Towards this end, evolutionary psychology has some useful things to say about the desires we tend to acquire and how different environmental factors influence those desires. Also, given the fact that we do not all interact with the environment in the same way, perhaps we need different environments for different people. Evolutionary psychology will help us to figure this out.
One of the best things about this method is that we can improve over time. As we learn more we can do better. This is different from religion, which keeps us locked in a primitive and substantially ignorant mindset. The difference between these two options is like the difference between modern medicine (and the information that evolution provides to this field of study) and believing that everything Hippocrates wrote on the subject more than 2000 years ago is literally true. The second option is decidedly NOT our best option.
In this, we have a positive answer to the concerns that are at the root of questions about the relationship between morality and evolution. We are not going to say that evolution has already made us virtuous and we have no reason to be concerned. We are going to say that evolutionary psychology gives us information useful in organizing society in such a way so as to promote virtue and reduce vice.
2 comments:
I quite completely agree with the above post - I may be linking to often it in debates, I quite enjoyed reading it.

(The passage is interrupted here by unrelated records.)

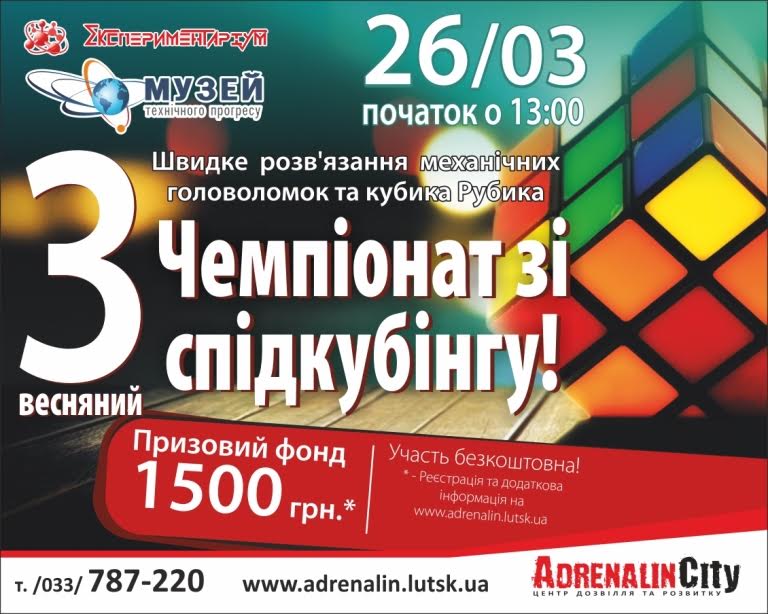 Вже втретє у Луцьку відбудуться змагання зі швидкісного складання кубика Рубика – спідкубінгу. Під час чемпіонату учасникам також пропонуватимуть розв’язати механічні головоломки на швидкість.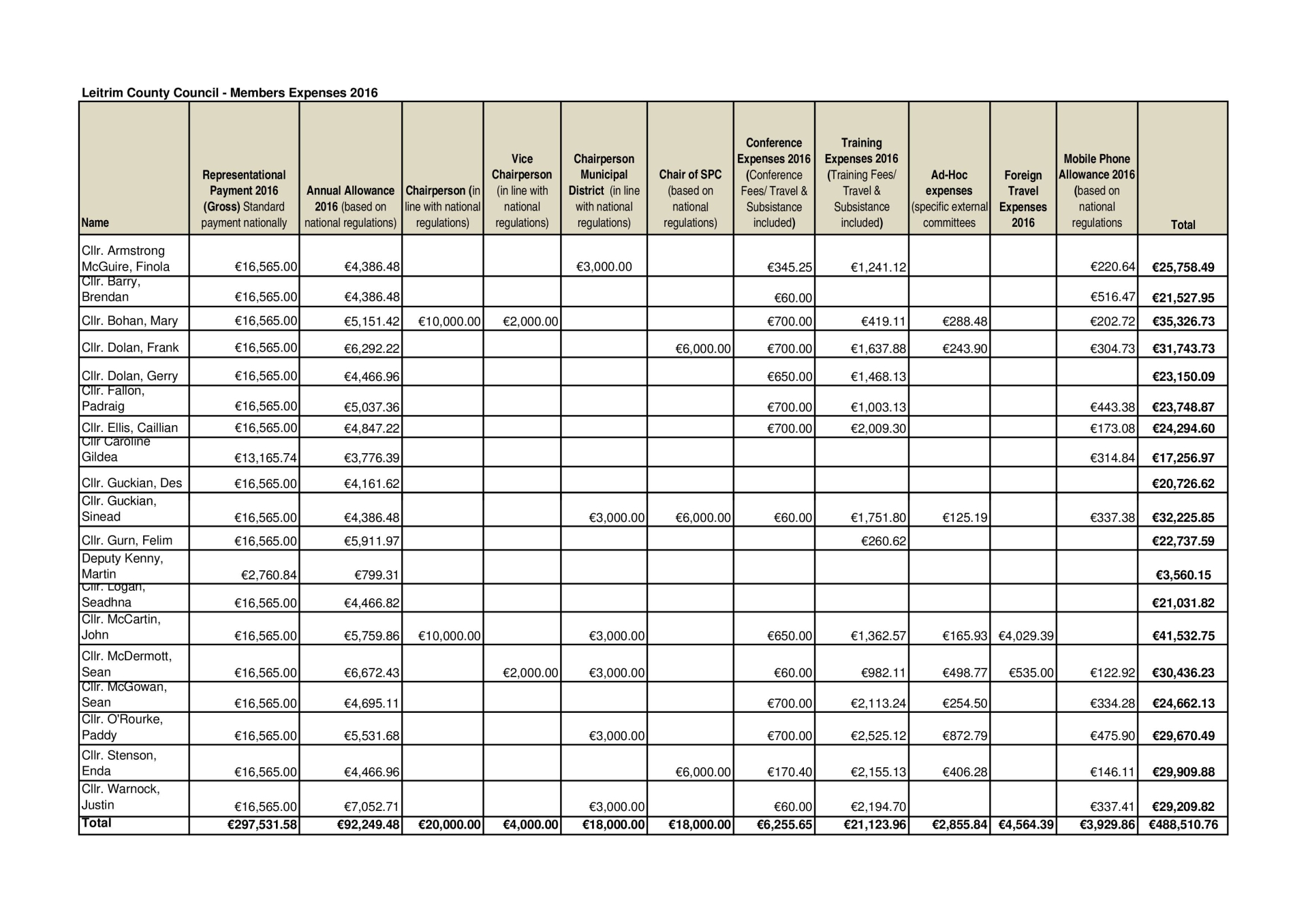 The total paid out in expenses last year was €488,510.76. This is down nearly €25,000 on figures in 2015 when the total paid out was €513,260.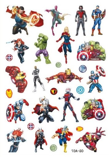 Tatuaże zmywalne w stylu filmów Marvel - Kapitan Ameryka, Avengers, Hulk, Doktor Strange. Zestaw składa się ze wzorów widocznych na zdjęciu, wielkość całego arkusza z tatuażami to 12 x 17cm.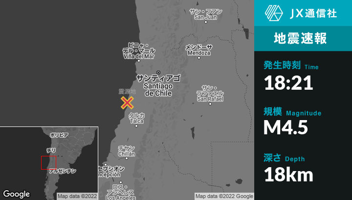 4月30日 18:21頃、チリのSanta Cruzから西北西67kmの地点でM4.5の地震がありました。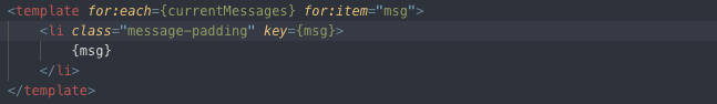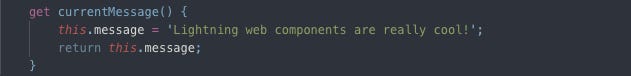 The reason that this property reference says currentMessage rather than message, the actual name of the property, is because we are referencing a getter method in the JavaScript that processes the property: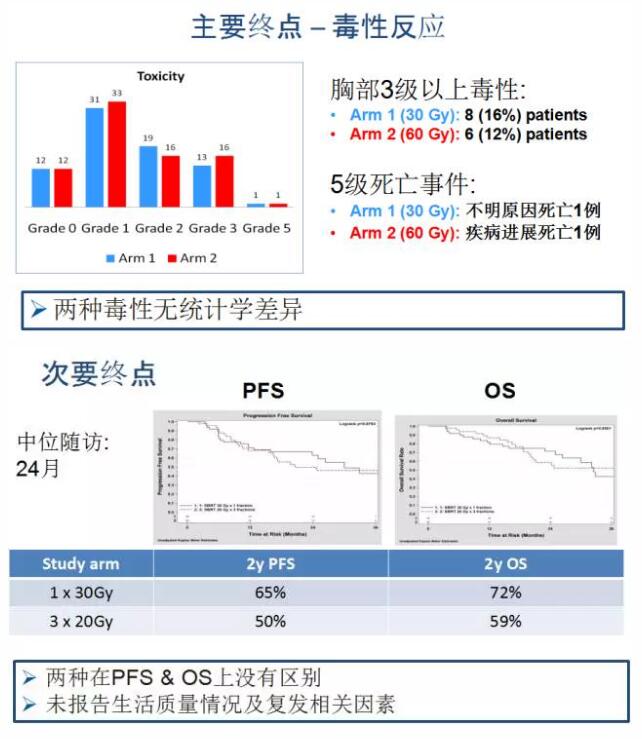 研究结论:本项随机II期研究证明30Gy 1次分割与60Gy 3次分割的毒性、无进展生存期和总生存期相当;单次放疗的可能获益包括:患者舒适;减少费用。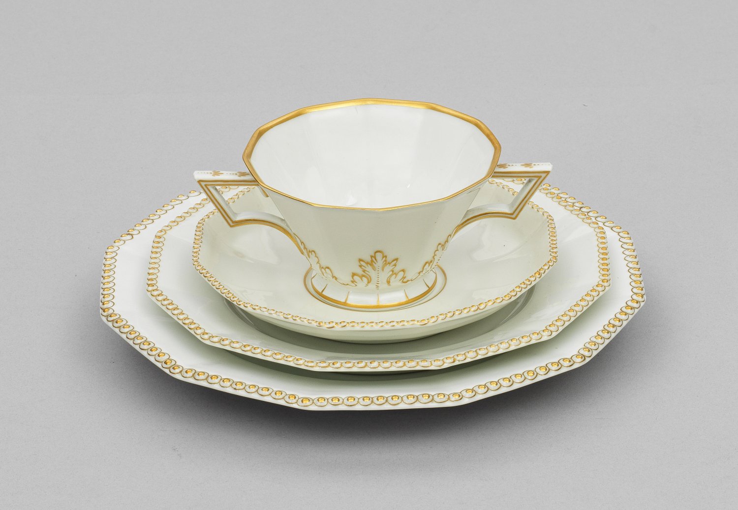 A 3-piece porcelain dinner in dodecagonal shape. Manufacturer's mark.

However, I would like to clarify the point I was making, as I was a little unclear. Often when someone professes the belief that God does not exist, people unacquainted with non-religious ethics ask, "But what about morality? Why is anything right or wrong? What about values?". There is the idea that the natural, physical world is entirely disjunct from feelings, desires, and experience.
I think your quote was an atheist attempting to say "Actually, evolution gives us good reason to expect strong pragmatic/ethical impulses/feelings. (I don't think it's a very well written argument however.)
(I suppose I'm responding to your phrase 'a handful of people'.)
The particular argument I had in mind came to me in the form proposed by, arguably, the world's most prominent (and Luke Muehlhauser's favourite) theistic debater. His argument for moral value presupposes that value just cannot exist without God.
You can hear his excellently confused and badly argued case here, starting at 11:11
http://www.youtube.com/watch?v=W-NF-LlVFHM
And, part of that same debate, an excellent rebuttal, starting at 3:12
http://www.youtube.com/watch?v=_Rg7HBmGQx0
In short, Lane Craig just declares that 'objective moral values do exist, and deep down inside we all know it'. Therefore God exists. This is a problem with people's assumptions, and is a battle that needs fighting too.
Oh, and thanks for the response Alonzo!
This has to be by far the weakest entry of yours I've seen so far.
By that token, you should therefore discount science as a valid method, because for centuries, despite the operation of science, we didn't know about genetic evolution, and in fact many scientists advocated racism, slavery, and so on. But this is obviously silly reasoning. Evolutionary ethics are no more disproven by human fallibility than science.